Today I was at the Yoga Journal Conference in San Francisco where Dean Ornish gave the keynote speech (I finally got to meet him!).
He was personal, inspiring, and did an amazing job of getting a big group of yogis excited about science!
Here are some highlights of his talk:
- Yoga is about transformation. The doctor-patient relationship is traditionally fear-based, but that does not inspire people towards sustainable change.
- When he was young, he was deeply depressed. He got out of this by starting to study yoga and meditation and learning that nothing outside of yourself can bring you happiness – it is already in you.
- It is only when we say “No” to things that we really say “Yes.” Choosing not to do something makes what you do choose to do uniquely special.
- Trust is at the heart of relationships. To experience any true and deep intimacy you need to be vulnerable… and you need to trust and feel safe in order to be vulnerable.
- What is special about intimacy is having uniquely different experiences with the same person. You have the foundation of familiarity and trust, but always new and unique experiences together. He and his wife say to each other: “Yet again, and like never before.”

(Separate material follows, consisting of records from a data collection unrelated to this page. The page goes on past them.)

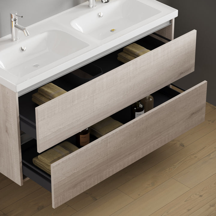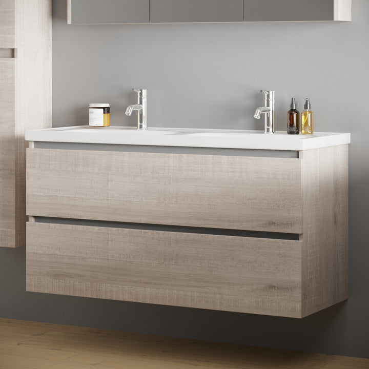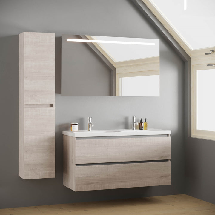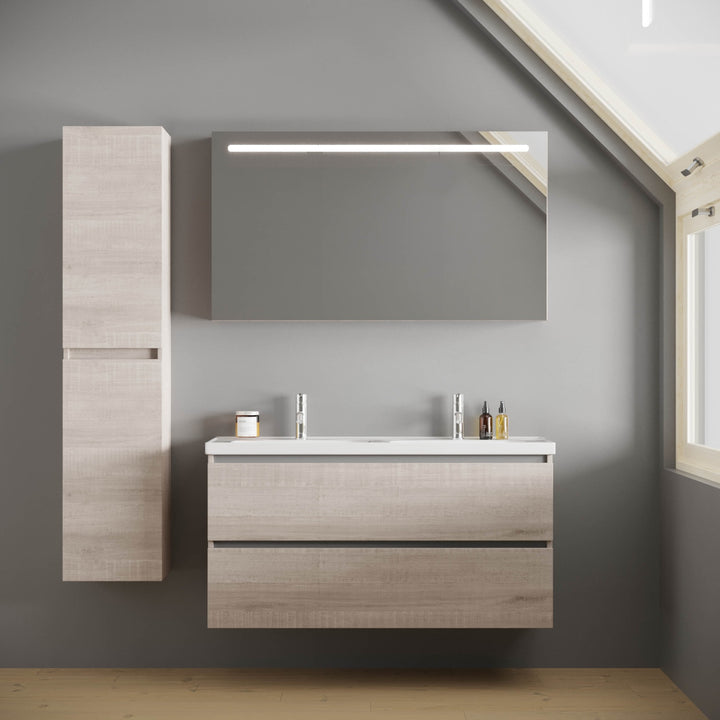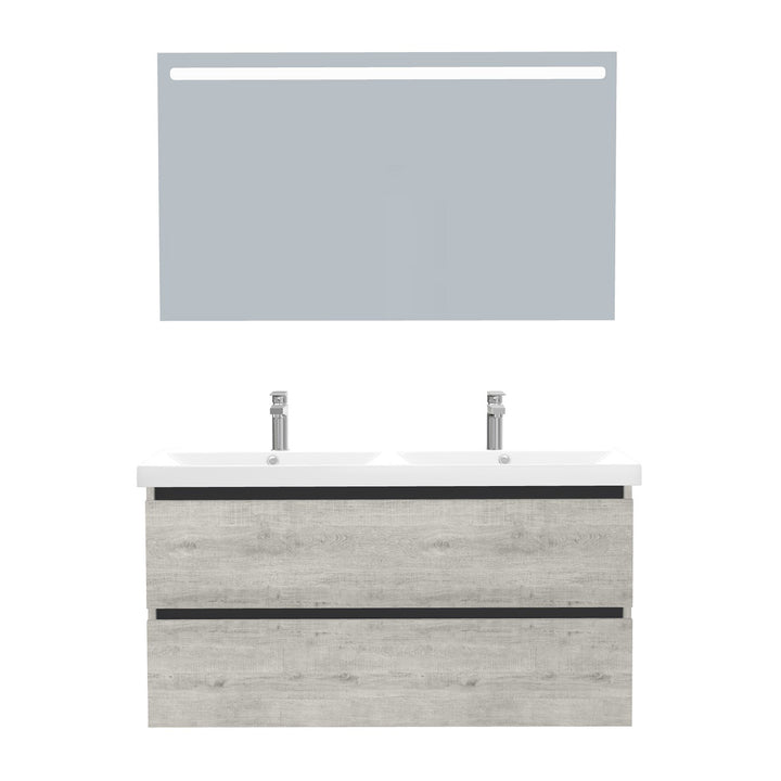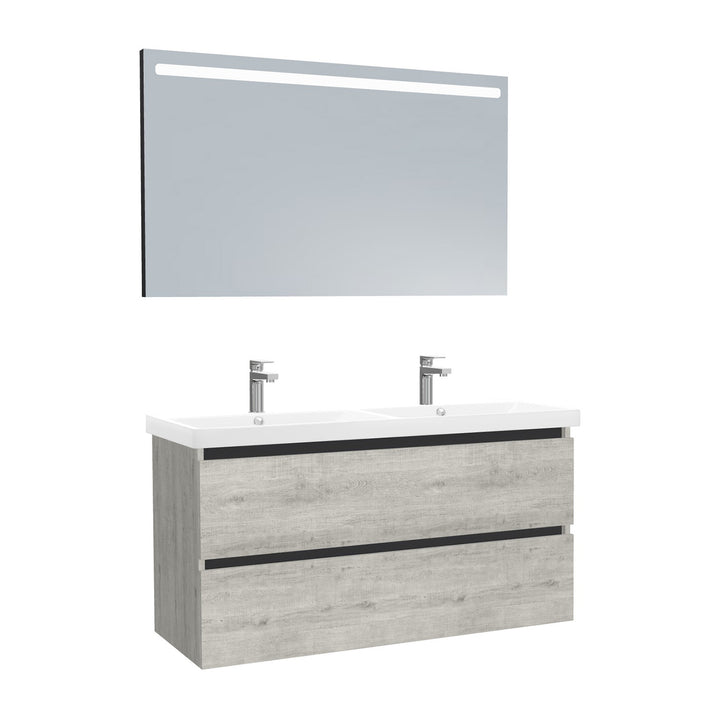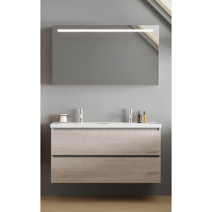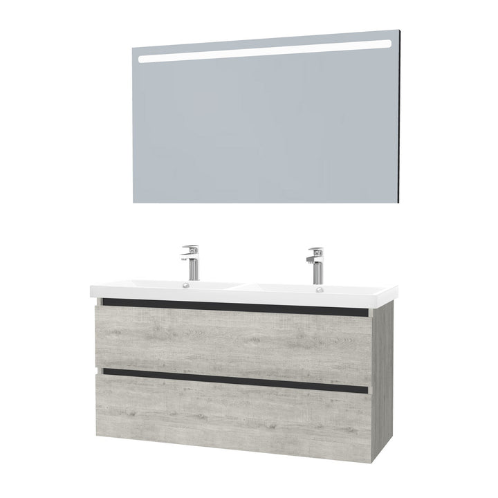 Bonn Badkamermeubel Set 120 cm Lissabon - Onderkast MDF Softclose Greeploos 2 lades met Keramische Wastafel 2 kraangat en Badkamerspiegel met Led-verlichting
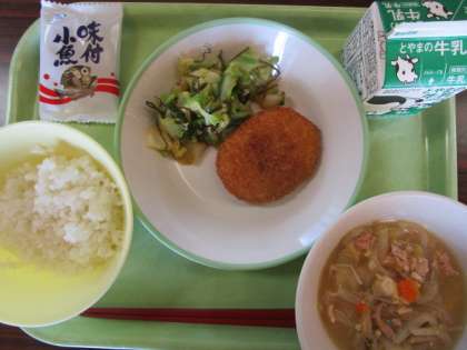 今日の給食 公開日 2023/10/26 更新日 2023/10/26 今日の興南中 10月26日(木)の献立は、 ごはん、牛乳、豆とかぼちゃのコロッケ、昆布和え、はくさいなべ、味付け小魚 です。 ころもはサクサク、中は甘いかぼちゃとお豆のおいしいコロッケでした。 10月もりつけ表はこちらから。
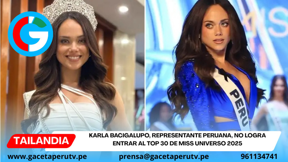Tailandia. -La representante peruana Karla Bacigalupo quedó fuera del Top 30 del certamen Miss Universo 2025 tras no alcanzar los votos necesarios en la votación digital del público, conocida como People’s Choice, un mecanismo que cada año permite que solo una candidata obtenga pase directo a la siguiente fase. Aunque la peruana contaba con campañas activas de apoyo desde redes sociales y una comunidad que la respaldaba, no logró superar a su competidora paraguaya, quien acumuló el mayor número de votos entre todas las aspirantes.
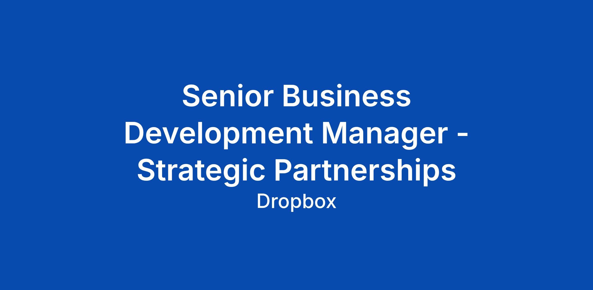 Senior Business Development Manager - Strategic Partnerships
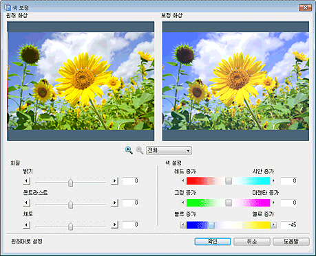 (이미지 수정)을 클릭합니다. 색 보정(Color Adjustment) 대화 상자를 표시하려면, 색 보정(Color Adjustment)을 클릭합니다.
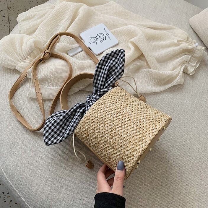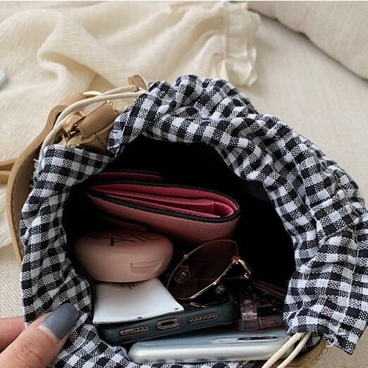 【送料無料】 ハンドバッグ ショルダーバッグ レディース 2way バケット チェック 休日 お出かけ デート 女子会 春 夏 10代 20代 30代 ベージュ ブラウン 茶 バック ミニ かばん 鞄 おしゃれ 斜め掛け 肩がけ 手提げ フェミニン ガーリー かわいい
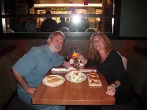 The servers were not too excited or speedy but the meal was OK - overpriced, but it is an airport location so no surprise there. Fish entrees were good, did not try anything else
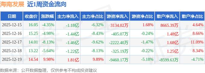 资金流向数据方面,本周海南发展主力资金合计净流出3.49亿元,游资资金合计净流出9278.8万元,散户资金合计净流入4.42亿元。本周资金流向一览见下表:
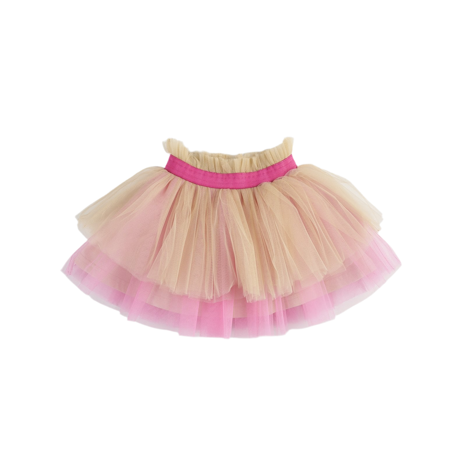 Fusta tutu din tull cu banda roz in talie si volane PANCO - Hope, Roz Fucsia si Bej, pentru fetite
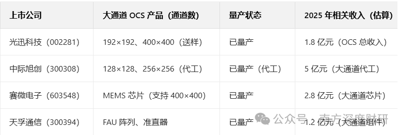 根据资料统计,目前实现大通道OCS量产的公司有光迅科技、中际旭创、赛微电子、天孚通信。
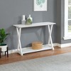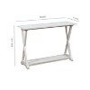 This piece is designed to add a beautiful farmhouse style to any decor, Created with innovation in mind to bring a spacious quality built product. It's made from solid and engineered wood and has two X-shaped legs and an open silhouette for a breezy country cottage look. The tabletop has a planked design that adds to the farmhouse charm. Plus, the open bottom shelf gives you a spot to display vases or keep a collection of storage baskets. It measures 42" wide and 14" deep, so it can fit in cramped quarters.

- Trust is not a zero-sum game. When someone deeply trusts you, it inspires you to be worthy of that trust so that you actually become more trustworthy.
- So much of medicine is “mopping the floor with the faucet still running” (wish I could find the great cartoon he showed). We should really be focusing our efforts on turning off the faucet. Rather than continuing to give more and more blood pressure and cholesterol-lowering drugs, let’s treat the root cause.
- Awareness if the first step of change. Science helps raise our awareness.
- There’s lots of talk about “Evidence-based medicine,” but in reality we are practicing “reimbursement-based medicine.” Hospitals get paid by doing heart surgeries, not by encouraging lifestyle changes.
- We have an epidemic of depression and loneliness. No one is going to make big lifestyle changes if they don’t have the motivation to live.
- Our need for love and intimacy is as great as our need for food. This is a huge and unmet need.
- We can use the experience of suffering to transform our lives.
He then talked about his research and how yoga and meditation are real things that have real effects on the body: we can see the reversal of heart disease, we can see changes in gene expression, we can make our cells “younger” (longer telomeres).